# (Club Full) Club in South Central Georgia looking for members



## shdw633 (Feb 13, 2016)

Family Oriented Hunt Club between Valdosta and Tifton, Ga. (Alapaha). We presently have 2300+ acres ($700 per member), but are trying to add additional land to 3100+ acres ($900 per member). That way we don’t increase member numbers. Have camp with power, water, bath house and lighted skinning rack. Land is hilly to flat, pines to hardwood bottoms. Agriculture, select cut pines, food plots, and power lines. Only 4 memberships open so far- first come first served. Call with any questions or for more info. Mike at 352-874-5665


----------



## HOGDOG76 (Feb 13, 2016)

Total members?


----------



## shdw633 (Feb 13, 2016)

HOGDOG76 said:


> Total members?



I'm just listing this for a friend, anyone with any interest should call Mike for more details.  Thanks!!


----------



## southerndraw (Feb 16, 2016)

Topping out at 35 members.


----------



## pacecars (Feb 19, 2016)

What county is this in?


----------



## shdw633 (Feb 19, 2016)

pacecars said:


> What county is this in?



Berrien County


----------



## ruvig8r (Feb 24, 2016)

Very interested in this club, could you tell me total members? Your policy on guests, number of stands allowed, pin in/out system, etc.  Give me a little more info on camping... Do you have septic? Well water? Can i park a camper year round?


----------



## shdw633 (Feb 25, 2016)

ruvig8r said:


> Very interested in this club, could you tell me total members? Your policy on guests, number of stands allowed, pin in/out system, etc.  Give me a little more info on camping... Do you have septic? Well water?

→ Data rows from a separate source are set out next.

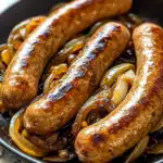 This recipe is appreciated for its simplicity, satisfying texture, and rich taste. The sausages develop a deep, savoury sear, while the onions soften and caramelise, creating a naturally sweet complement. It requires minimal ingredients and pairs effortlessly with a variety of sides. Whether you are preparing a quick family meal or seeking a reliable recipe for hosting, this dish offers dependable flavour and convenience.
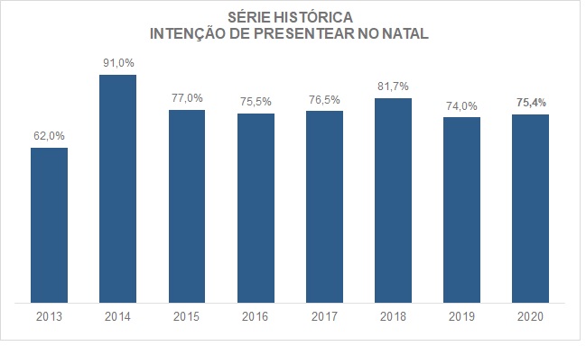 Observa-se que o distanciamento social forçado dos últimos meses fará com que as pessoas aumentem o valor dos presentes. Tanto que o tíquete médio terá um salto de 44%, ao passar de R$ 285,00 no ano passado para R$ 410,63. Ao que tudo indica, este será o Natal da compensação, já que muitas famílias não vão gastar em viagens e a ceia terá menos convidados, a tendência é caprichar nos presentes.
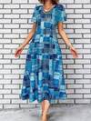 女士V领短袖蓝色几何格子拼接印花A字长连衣裙,休闲优雅透气舒适飘逸夏季长裙
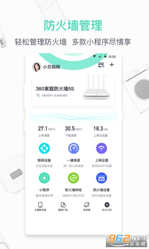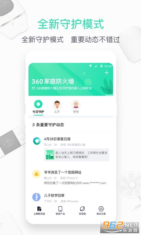 《360家庭防火墙APP》是一款非常给力的系统防护软件,操作非常简单,安装也方便,智能硬件防入侵、查看上网报告等功能,为家人营造绿色健康的上网环境。而且还是免费的,操作也简单,感兴趣的朋友欢迎来962下载吧!
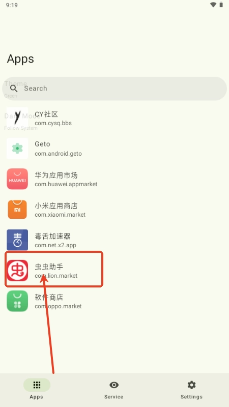 2. 进入软件后,选择需要打开开发者选项的软件,在此以虫虫助手为例。
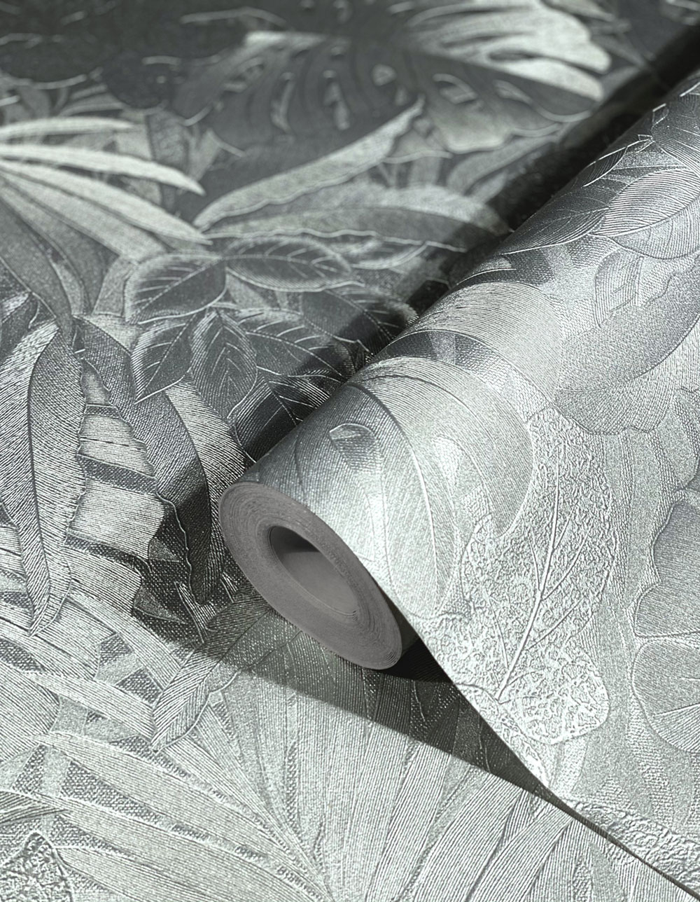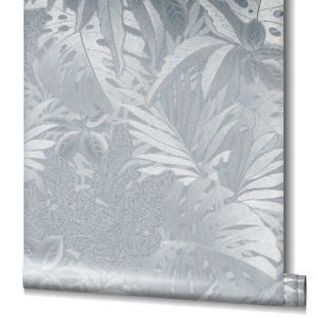 Luxury silver wallpaper with leaves 33301, Botanica, Marburg
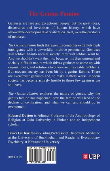 We live in a society where, for whatever reason, genius tends to be unacknowledged, denied, ignored or even (usually for 'politically correct' reasons) actively persecuted. For the past four hundred years, geniuses have been common to all the major humanities and sciences, art, literature, medicine, law, politics, the military and religion - yet today they have almost disappeared. A genius combines extremely high intelligence with an unworldly, intuitive personality. Geniuses will seldom fit into normal society; they will seldom want to. Nor should they, since it is their unusual and socially-difficult nature which drives geniuses to come up with original ideas, make breakthrough discoveries or solve unyielding problems by intuitive insight. But modern society has been hit by a genius famine. There are ever fewer geniuses and modern society has become actively hostile to those we still have. The Genius Famine explores the nature of genius, why the genius famine has happened, how it threatens civilization and what we can and should do to overcome it.
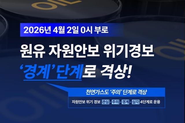 ↑「原油資源安全保障危機警報を「警戒」段階に引き上げ!」という産業通商資源部のお知らせ。2026年04月02日発令。これまでは「注意」でした。政府は資源安全保障危機「警戒」段階の発令に伴い、公共機関の車両運行を2部制に強化し、公営駐車場には5部制を施行する。
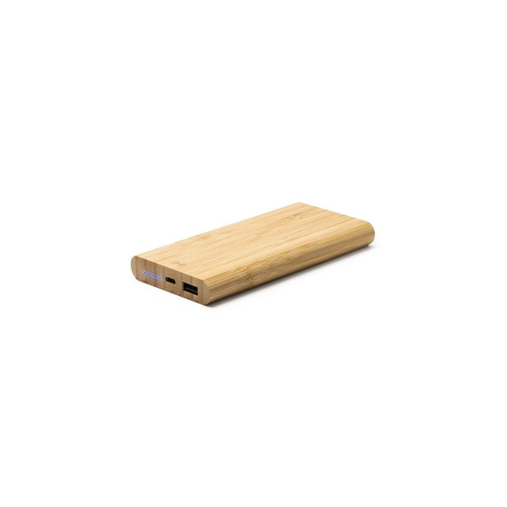 Batterie externe de 6000 mAh avec fonction de charge sans fil, fabriquée avec un boîtier en bambou. Sortie de courant DC 5 V/2.1 A, DC 5 V sans fil. Comprend un câble de type C.Destinataire :
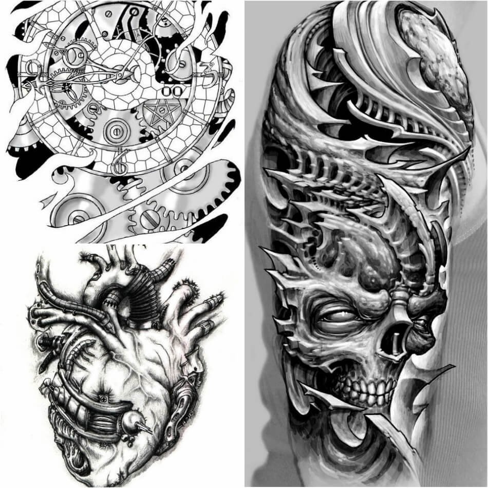 Szkice tatuaży biomechaniki są pośrednimi kopiami dzieł Hansa Gigera. To znany szwajcarski artysta, jego prace są znane wszystkim. Nawet jeśli ktoś nie widział jego obrazów na żywo, bez żadnych wątpliwości prawie wszyscy widzieli film „Obcy”, w którym Hans Giger stworzył wizerunek mechanicznych «obcych".
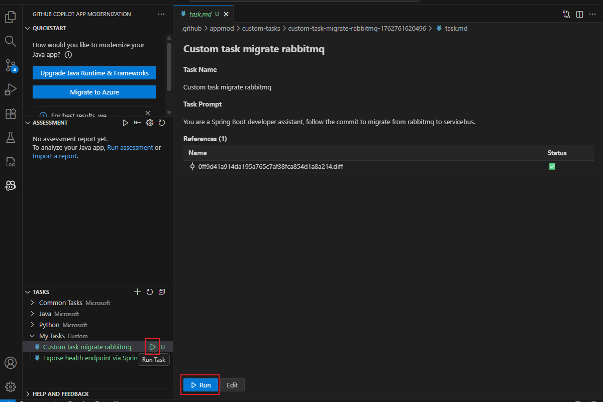 Select Run at the bottom of the file. Or find your own task in the TASKS - My Tasks section of GitHub Copilot app modernization pane and run the task by selecting Run Task.
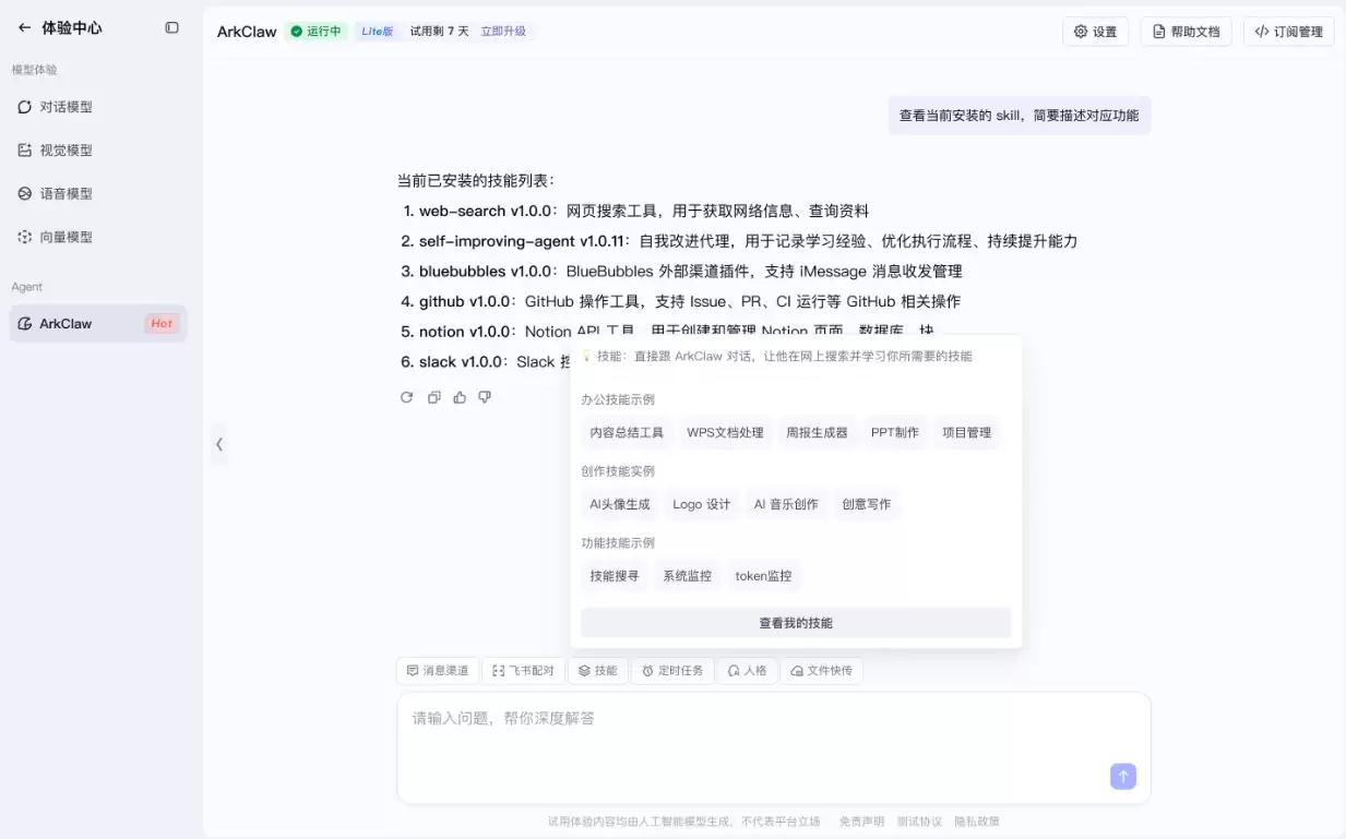 ArkClaw深度协同豆包-Seed-2.0系列模型,在复杂任务处理上表现优异。它不仅支持Kimi 2.5、MiniMax 2.5、GLM等主流大模型,还内置了海量Skills,覆盖代码生成、文档处理、数据分析等多种常用场景。
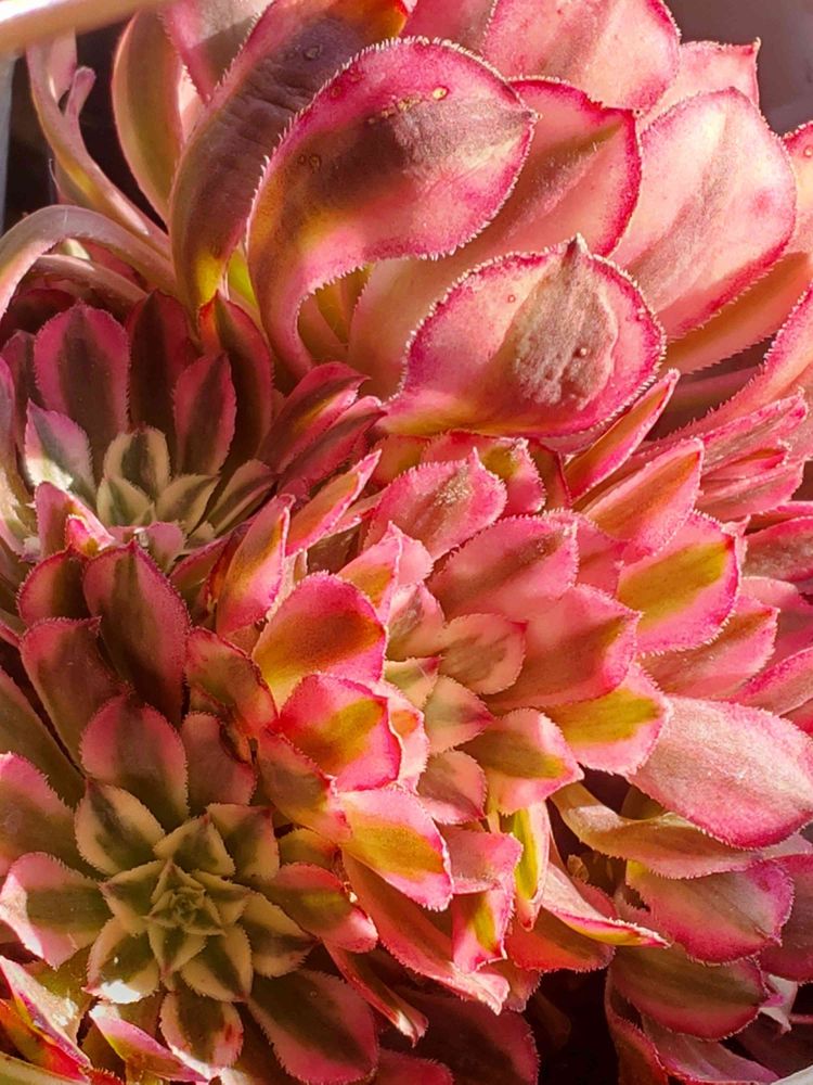 今年最後の日を飾ってくれるのは 華やかな アエオニウム・赤銅壺白錦さんに致しました😻💗🤍💛💚

Can i park a camper year round?



You'll have to call that number I have listed.  I am not a member of the club, I am just posting this for a buddy.


----------



## shdw633 (Feb 25, 2016)

My buddy Mike just informed me that his club is full for next season!!  Thanks to all that inquired and good luck to those who joined next season!!


----------